Это маленькие сереющие женщины, пытающиеся найти себя в мелочах – в стирке белья, в приготовлении изысканного обеда, по ночам спящие на отдельной от мужа кровати, потому что спать вместе – неинтересно. Лишенные счастья, но обретшие смирение с жизнью в новом телевизоре или на удобном балконе – то есть в тех объектах житейского комфорта, способных вызвать стойкую привязанность именно к такому образу жизни. Они жмут плечами, называют такой быт стабильностью и боятся что-то менять, их чувства мечутся между раздражением и жалостью.
Это мужчины, находящие увлечения на стороне или увлеченные просмотром любимых программ после работы, когда ничто другое в собственном доме уже не вызывает интерес. Лысеющие апатичные мужчины с пузиком и с семьями, ставшими отягощающей, но неизбежной телегой, которую зачем-то надо толкать вперед даже в том случае, если от телеги осталось одно погнутое колесо, годное только на свалку.

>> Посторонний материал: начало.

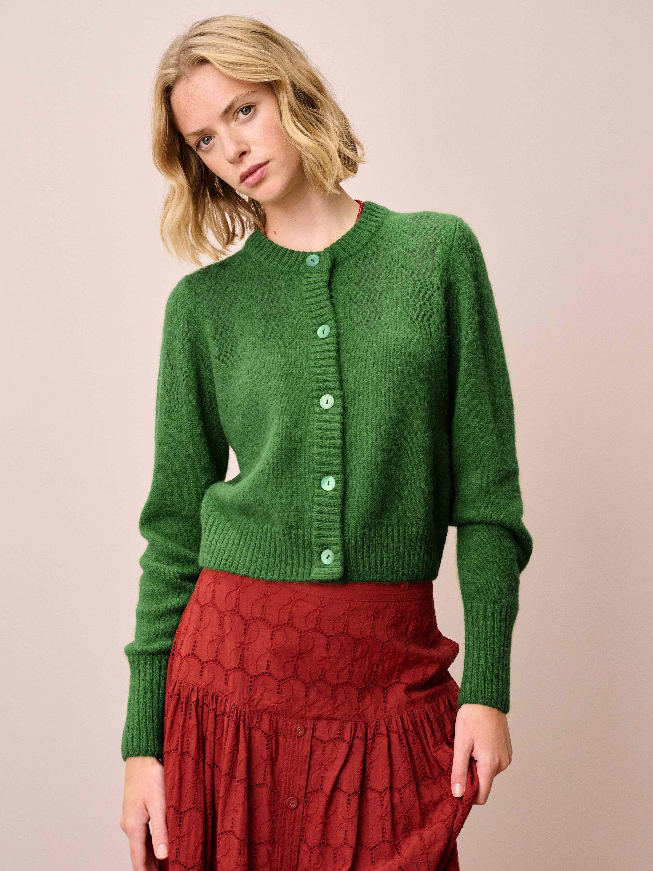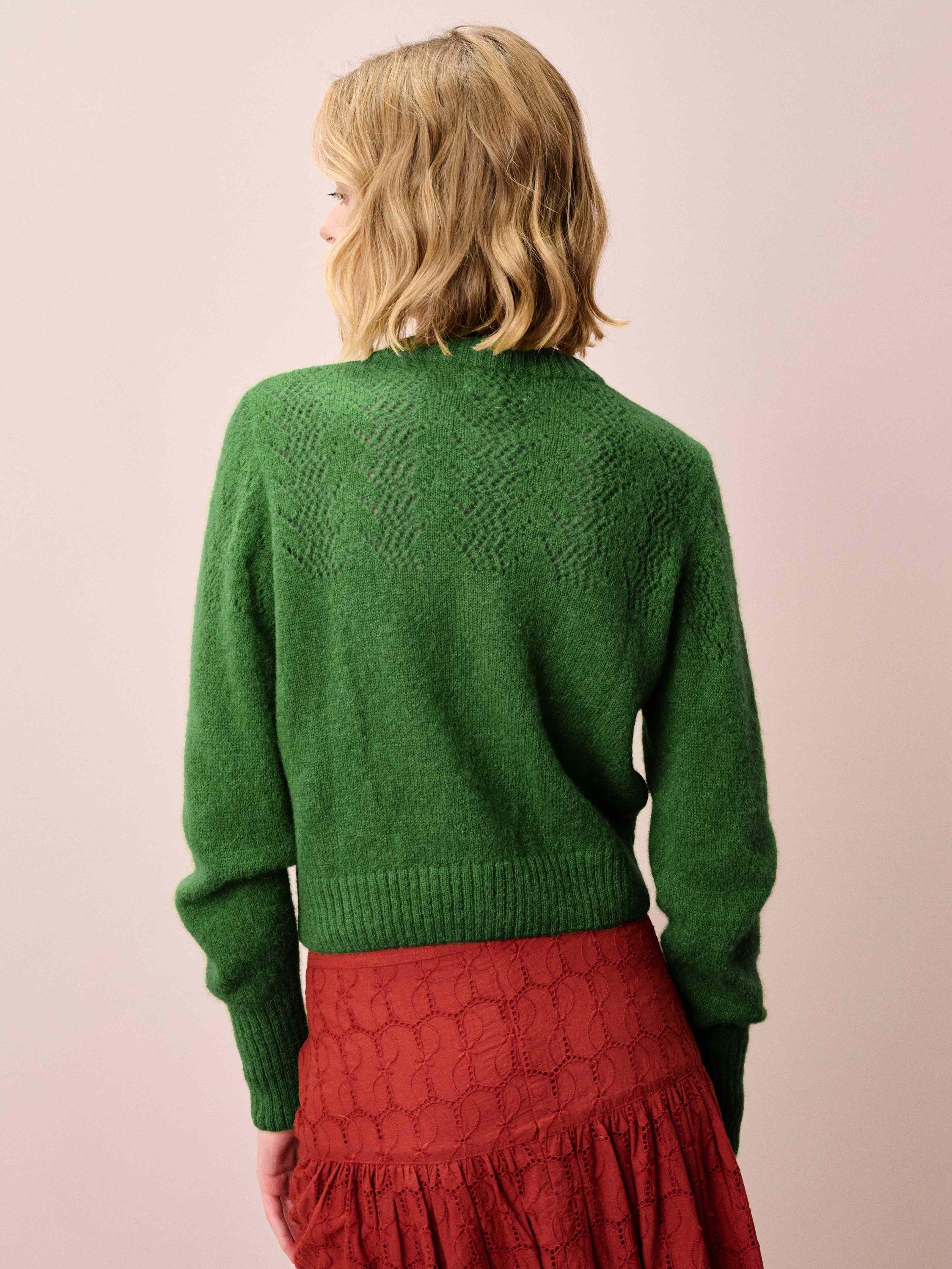 This gorgeous layer, complete with pointelle details across the yoke and shoulders, has been exquisitely knitted in Europe using a lustrous alpaca-merino blend and only the finest yarns spun by trusted experts in Italy.

И лучше никогда не задавать себе вопроса «Зачем?» Остаются два равнодушных друг к другу, не имеющих ничего общего человека, которым не хватает беды. В которых недостаточно самолюбия, чтобы просто уйти и попробовать начать другую жизнь, дать себе шанс на что-то человеческое – интерес к себе или реализацию своей способности любить. Не хватает той роковой ошибки мягкого пассивного партнера, в которой сможет родиться осознание: вот теперь меня здесь точно ничего не держит. Они продолжают жить, начиная ненавидеть друг друга без причин. Они ненавидят именно за то, что причин ненавидеть нет. Им их никто не дал. Им дали стабильность вазочки на подоконнике и мягкого дивана, на котором люди, сидя рядом, обречены всегда быть одни.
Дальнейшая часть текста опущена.